> [RECORDED DATA]:
== Segment start ==
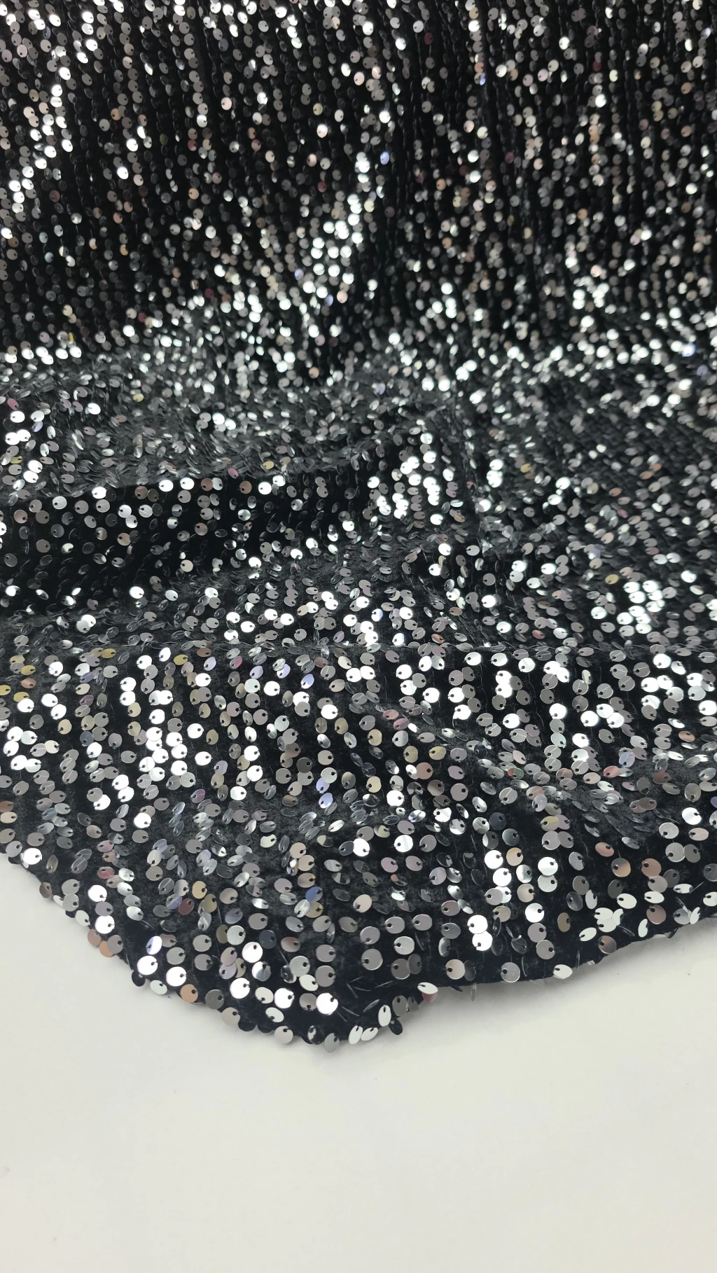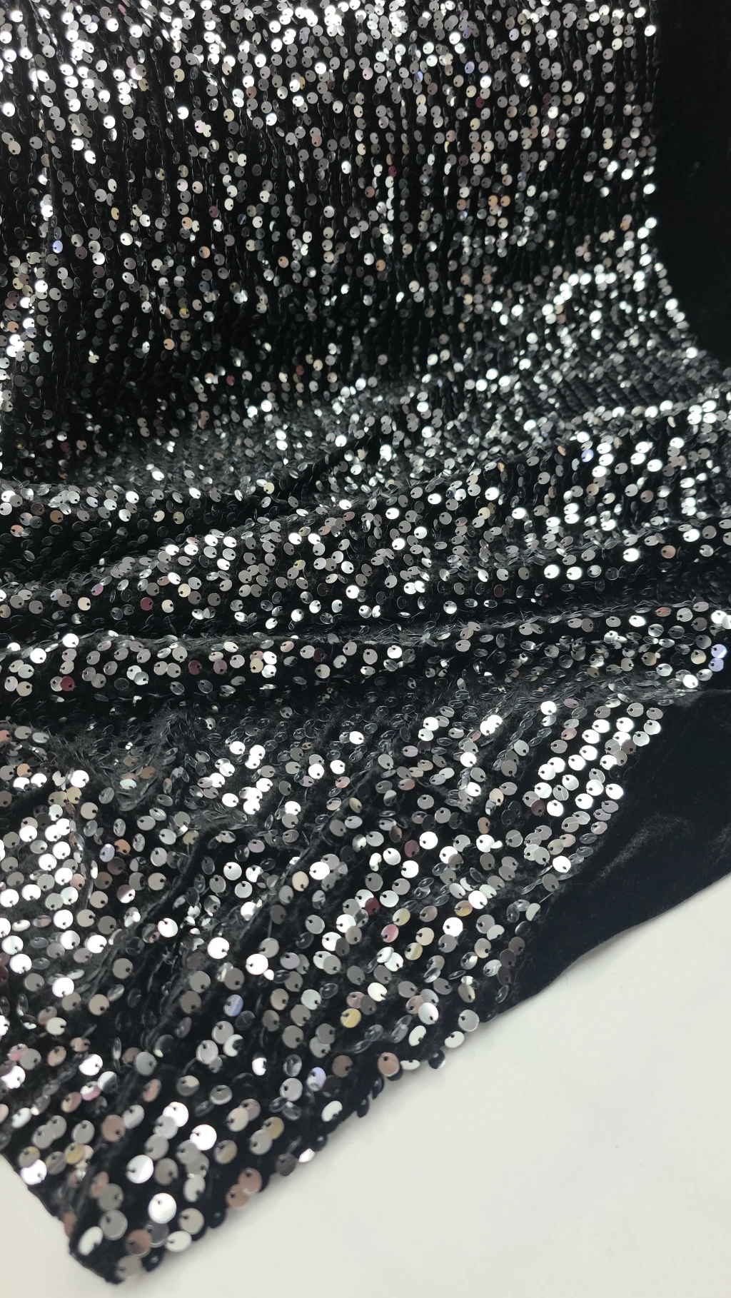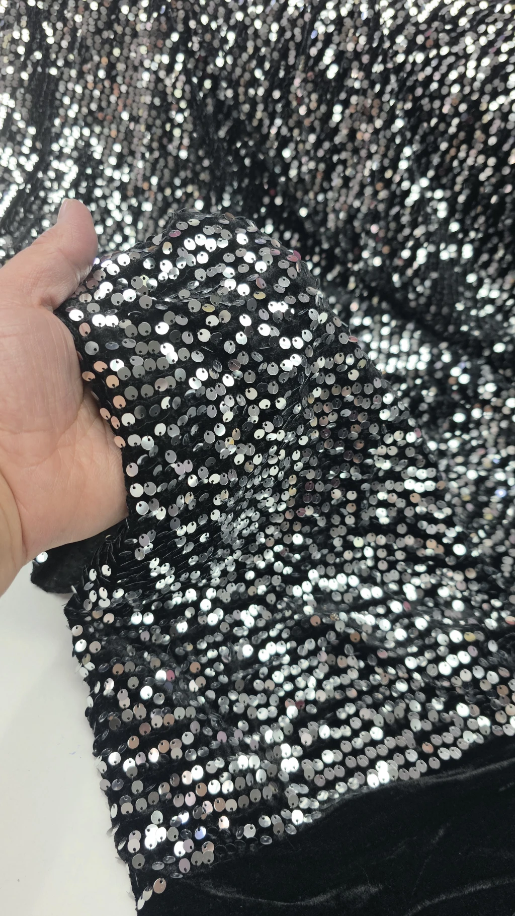 Siyah Kumaş Üzerine Gümüş Pul Payet İthal Kadife
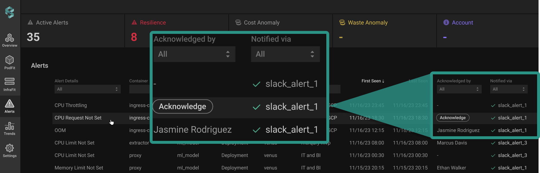 Once someone takes ownership of the alert, their name will be displayed in the `Acknowledge by` column. If the integration with [Slack](https://docs.perfectscale.io/2.0-self-hosted-or-perfectscale-documentation/customize-workflow/communication-and-messaging/slack-integration) or [MS Teams](https://docs.perfectscale.io/2.0-self-hosted-or-perfectscale-documentation/customize-workflow/communication-and-messaging/ms-teams-integration) is configured, other system users will be notified about it via the selected communication channel
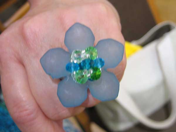 金谷さん:ビーズボールを花芯に置いた大きな花形ボタンのリングを制作されました。
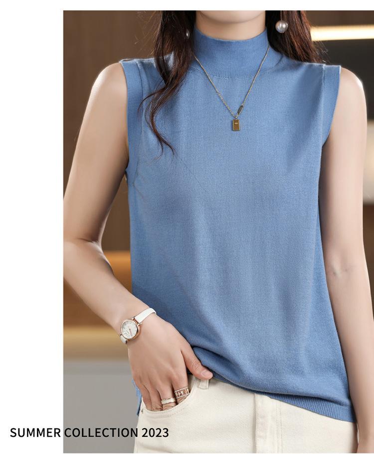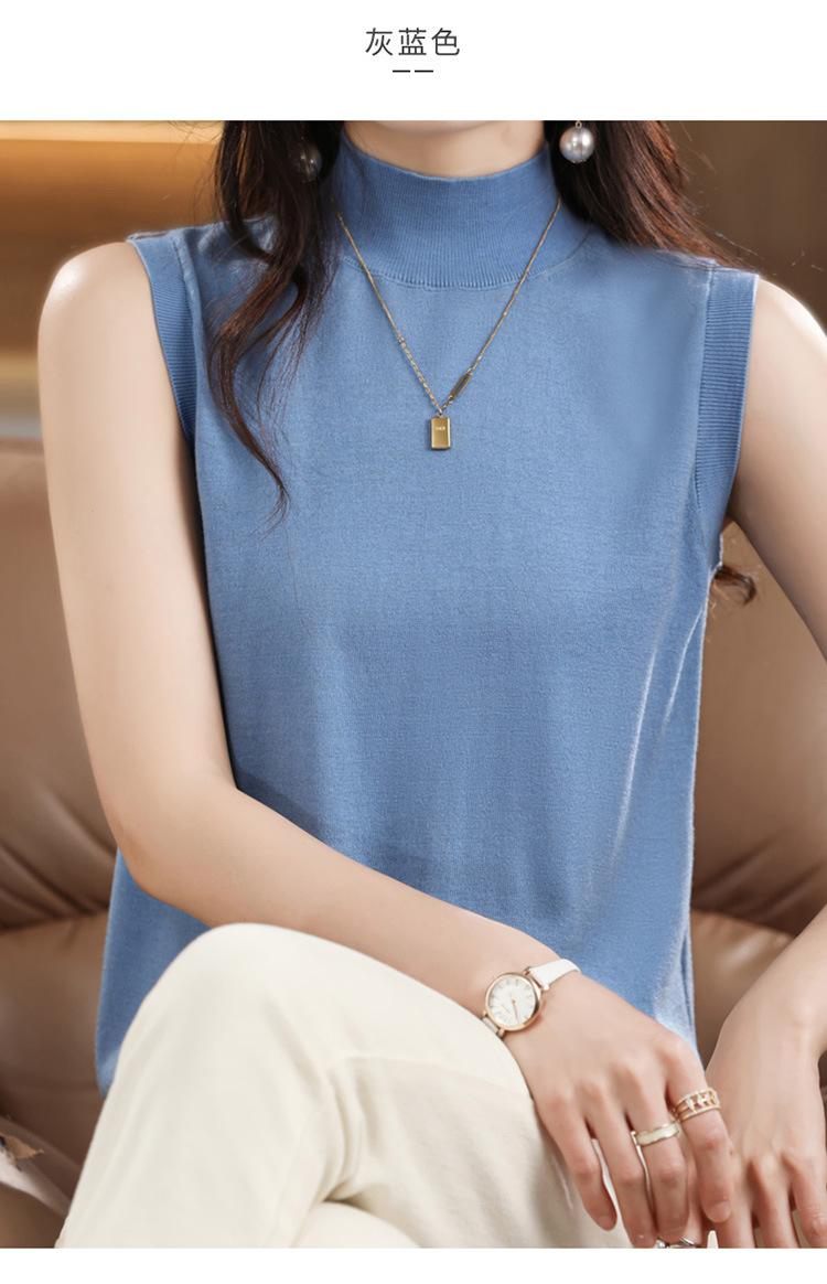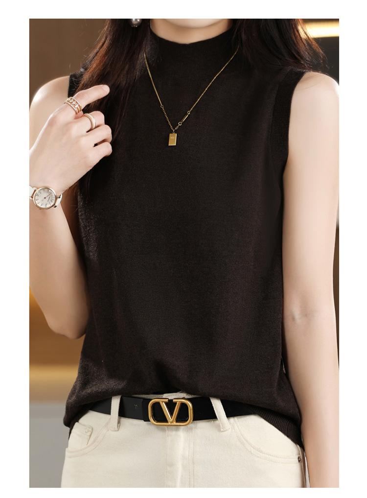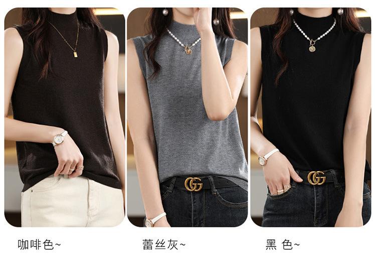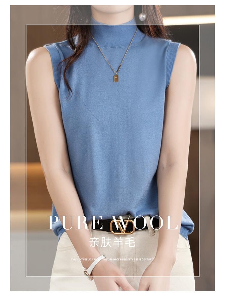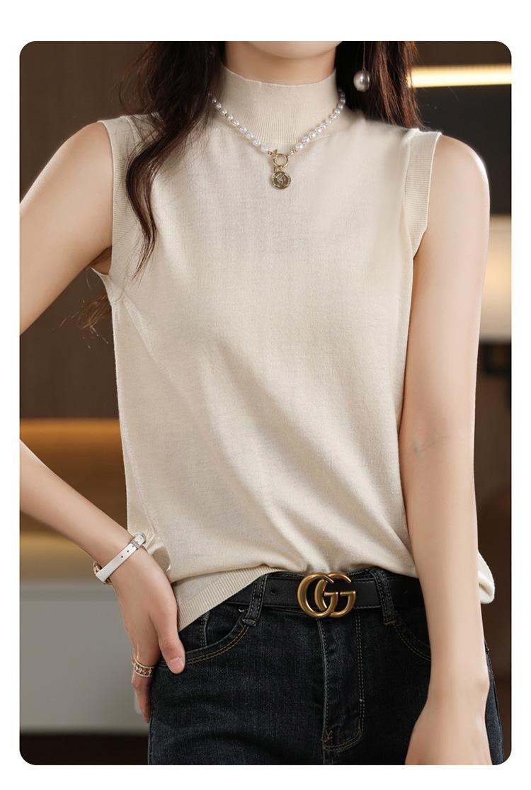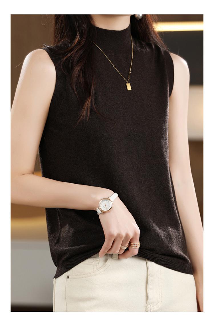 Lana Peinada 2025 Otoño e Invierno Nuevo Suéter Corto Delgado de Cuello Medio Alto de Color Puro Tejido para Mujer Chaleco sin Mangas para Fondo
== Segment end ==
Could all the data above be given again exactly, leaving out its images?

 Siyah Kumaş Üzerine Gümüş Pul Payet İthal Kadife
 Once someone takes ownership of the alert, their name will be displayed in the `Acknowledge by` column. If the integration with [Slack](https://docs.perfectscale.io/2.0-self-hosted-or-perfectscale-documentation/customize-workflow/communication-and-messaging/slack-integration) or [MS Teams](https://docs.perfectscale.io/2.0-self-hosted-or-perfectscale-documentation/customize-workflow/communication-and-messaging/ms-teams-integration) is configured, other system users will be notified about it via the selected communication channel
 金谷さん:ビーズボールを花芯に置いた大きな花形ボタンのリングを制作されました。
 Lana Peinada 2025 Otoño e Invierno Nuevo Suéter Corto Delgado de Cuello Medio Alto de Color Puro Tejido para Mujer Chaleco sin Mangas para Fondo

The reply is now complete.